__Work order__:
Below is a listing; restate from it, character for character, the lines beginning at the line holding "- Shower enclosure;" and ending at the line holding "Barrier Post with", both included.

__Provided data__:
##############################
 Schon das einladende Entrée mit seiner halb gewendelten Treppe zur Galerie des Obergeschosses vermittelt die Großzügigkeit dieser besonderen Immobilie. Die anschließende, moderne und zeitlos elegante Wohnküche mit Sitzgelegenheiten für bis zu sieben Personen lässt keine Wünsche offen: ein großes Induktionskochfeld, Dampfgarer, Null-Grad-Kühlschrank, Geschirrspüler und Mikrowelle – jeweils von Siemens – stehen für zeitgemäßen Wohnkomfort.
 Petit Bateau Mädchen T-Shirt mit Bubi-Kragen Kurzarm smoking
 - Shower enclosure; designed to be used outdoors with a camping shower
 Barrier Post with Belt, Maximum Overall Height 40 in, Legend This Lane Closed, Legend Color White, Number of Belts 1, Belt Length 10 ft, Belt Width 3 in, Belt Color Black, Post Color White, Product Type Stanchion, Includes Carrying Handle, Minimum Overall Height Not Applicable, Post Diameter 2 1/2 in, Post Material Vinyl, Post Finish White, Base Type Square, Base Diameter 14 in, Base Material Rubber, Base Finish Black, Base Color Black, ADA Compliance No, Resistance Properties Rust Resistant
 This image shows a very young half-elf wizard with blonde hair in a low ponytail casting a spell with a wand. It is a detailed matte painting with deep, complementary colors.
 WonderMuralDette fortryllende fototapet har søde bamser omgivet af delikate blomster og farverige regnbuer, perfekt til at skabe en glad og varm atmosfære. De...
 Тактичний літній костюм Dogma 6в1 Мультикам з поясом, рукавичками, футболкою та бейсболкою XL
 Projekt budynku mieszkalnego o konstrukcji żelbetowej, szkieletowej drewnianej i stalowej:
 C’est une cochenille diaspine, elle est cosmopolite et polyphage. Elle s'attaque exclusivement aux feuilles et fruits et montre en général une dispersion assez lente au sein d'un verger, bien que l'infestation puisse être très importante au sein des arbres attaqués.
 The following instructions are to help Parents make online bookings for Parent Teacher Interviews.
##############################
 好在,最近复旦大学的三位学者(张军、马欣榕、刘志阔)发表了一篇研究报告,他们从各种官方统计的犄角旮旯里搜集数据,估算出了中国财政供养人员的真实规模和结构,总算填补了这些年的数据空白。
##############################
__Solution below__:
 - Shower enclosure; designed to be used outdoors with a camping shower
 Barrier Post with Belt, Maximum Overall Height 40 in, Legend This Lane Closed, Legend Color White, Number of Belts 1, Belt Length 10 ft, Belt Width 3 in, Belt Color Black, Post Color White, Product Type Stanchion, Includes Carrying Handle, Minimum Overall Height Not Applicable, Post Diameter 2 1/2 in, Post Material Vinyl, Post Finish White, Base Type Square, Base Diameter 14 in, Base Material Rubber, Base Finish Black, Base Color Black, ADA Compliance No, Resistance Properties Rust Resistant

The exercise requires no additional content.